The committee also interdicts cold glass of beer , observing “Who cares about the temperature of the glass?”

Unnecessarily pedantic. I have heard hot cup of coffee vilified on the same ground--that it is not the temperature of the cup that is important, but the temperature of the coffee. Nonsense. Hot cup of coffee is idiomatic, and so is cold glass of beer. Anyway, have you ever drunk hot coffee from a cold cup, or cold beer from a hot glass?

As usual, sports jargon was roughly treated. Defense , when used as a verb, as in “Bubba O’Sullivan is a quarterback who is tough to defense,” was banished. “The verb defend is recommended.” Won’t work. That would mean that the quarterback is hard for his backs and linemen to defend against the opposing players. It has to be defend against . Defense is inevitable.

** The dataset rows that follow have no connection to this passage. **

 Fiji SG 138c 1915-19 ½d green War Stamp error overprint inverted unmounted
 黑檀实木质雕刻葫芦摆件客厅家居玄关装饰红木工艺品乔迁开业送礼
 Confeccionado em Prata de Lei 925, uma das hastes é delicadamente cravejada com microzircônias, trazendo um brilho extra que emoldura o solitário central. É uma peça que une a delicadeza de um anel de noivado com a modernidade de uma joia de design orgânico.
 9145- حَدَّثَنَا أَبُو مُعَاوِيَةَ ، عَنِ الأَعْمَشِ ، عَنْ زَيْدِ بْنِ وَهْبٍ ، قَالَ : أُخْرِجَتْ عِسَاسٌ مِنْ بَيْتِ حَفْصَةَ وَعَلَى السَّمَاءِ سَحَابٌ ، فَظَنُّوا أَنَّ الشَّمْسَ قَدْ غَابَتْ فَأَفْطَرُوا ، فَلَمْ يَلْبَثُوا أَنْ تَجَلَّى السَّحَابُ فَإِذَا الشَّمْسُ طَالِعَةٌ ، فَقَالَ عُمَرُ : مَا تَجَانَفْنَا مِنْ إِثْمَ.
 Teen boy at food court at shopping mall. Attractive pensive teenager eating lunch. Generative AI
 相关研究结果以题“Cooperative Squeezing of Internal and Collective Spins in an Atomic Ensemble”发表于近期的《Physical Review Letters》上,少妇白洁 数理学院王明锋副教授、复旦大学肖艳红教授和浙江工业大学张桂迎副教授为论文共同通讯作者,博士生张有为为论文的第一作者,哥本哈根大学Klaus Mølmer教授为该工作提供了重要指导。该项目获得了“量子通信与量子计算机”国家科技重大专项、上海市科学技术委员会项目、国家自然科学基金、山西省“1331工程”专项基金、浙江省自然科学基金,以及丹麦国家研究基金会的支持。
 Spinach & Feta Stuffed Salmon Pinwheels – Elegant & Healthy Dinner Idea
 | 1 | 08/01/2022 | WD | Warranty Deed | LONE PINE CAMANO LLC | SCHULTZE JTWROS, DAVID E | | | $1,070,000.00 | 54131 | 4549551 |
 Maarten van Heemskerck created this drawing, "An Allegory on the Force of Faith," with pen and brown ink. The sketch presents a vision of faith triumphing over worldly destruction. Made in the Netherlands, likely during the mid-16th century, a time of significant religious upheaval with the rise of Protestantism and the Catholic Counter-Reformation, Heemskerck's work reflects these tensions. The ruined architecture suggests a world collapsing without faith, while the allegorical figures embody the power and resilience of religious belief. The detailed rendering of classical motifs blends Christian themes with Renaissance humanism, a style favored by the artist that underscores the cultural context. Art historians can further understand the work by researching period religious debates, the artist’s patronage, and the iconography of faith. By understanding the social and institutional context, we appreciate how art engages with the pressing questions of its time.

Much worse than this useful jargon, it seems to me, are the solecisms sports announcers commit when they are trying to avoid like , having been told by Ed Newman that “Winstons taste good, like a cigarette should” is bad English.

I actually heard one of our better sportscasters, obviously trying to avoid like (a perfectly good word), say “It looks as if a first down,” and later, evidently sensing that that wasn’t quite right, “It looks to be a first down.”

What he meant, of course, was “It looks like a first down.”